Supplied material section start
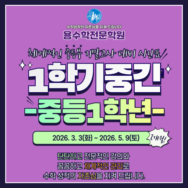 학생의 학습 흐름을 지켜내는 학원, 용수학전문학원 새학기는 학생마다 적응 속도가 크게 달라지는 시기입니다. 학교별 수업 방향이 달라지고 단원 전환도 빠르기 때문에 조금만 흐름이 흔들려도 시험 준비 전체가 불안해질 수 있습니다. 용수학전문학원은 이런 시기일수록 학생 개개인의 흐름을 안정적으로 붙잡아주는 수업 구조를 가장 중요하게 생각합니다. 학생을 깊이 이해하는 관찰 중심 수업 학생마다 문제를 푸는 방식, 개념을 받아들이는 속도, 실수 패턴이 모두 다릅니다. 용수학은 이러한 차이를 단순히 ‘실력’으로 보지 않습니다. 학생이 왜 막혔는지, 어떤 방식으로 설명해야 이해가 빠른지를 수업 과정에서 지속적으로 관찰하며....... <img src="https://blogthumb.pstatic.net/MjAyNjAyMjRfNTAg/MDAxNzcxOTI2NTYwMzIx.CTdHGVpnOqNVZIYCWDZDzaqTE4UeyIMjwhfdkR3HoGEg.LoLXWeQqN2DjbNarXardQP-mqnS3gulc2uylV_o3mnkg.PNG/002_%282%29.png?type=s3" />
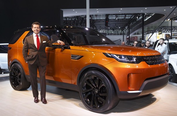 路虎全球設(shè)計(jì)總監(jiān)兼首席創(chuàng)意官哲芮勛先生與路虎發(fā)現(xiàn)Vision概念車合影
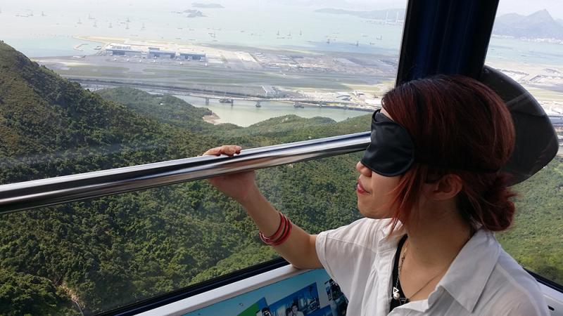 圖:蒙眼搭纜車可以了解視障人士生活/大公報實習記者鄧淑姿攝
Supplied material section end
Nothing but the lines from the one with "路虎全球設(shè)計(jì" through the last line of the material above should appear in the answer, each copied exactly, with no pictures.

 路虎全球設(shè)計(jì)總監(jiān)兼首席創(chuàng)意官哲芮勛先生與路虎發(fā)現(xiàn)Vision概念車合影
 圖:蒙眼搭纜車可以了解視障人士生活/大公報實習記者鄧淑姿攝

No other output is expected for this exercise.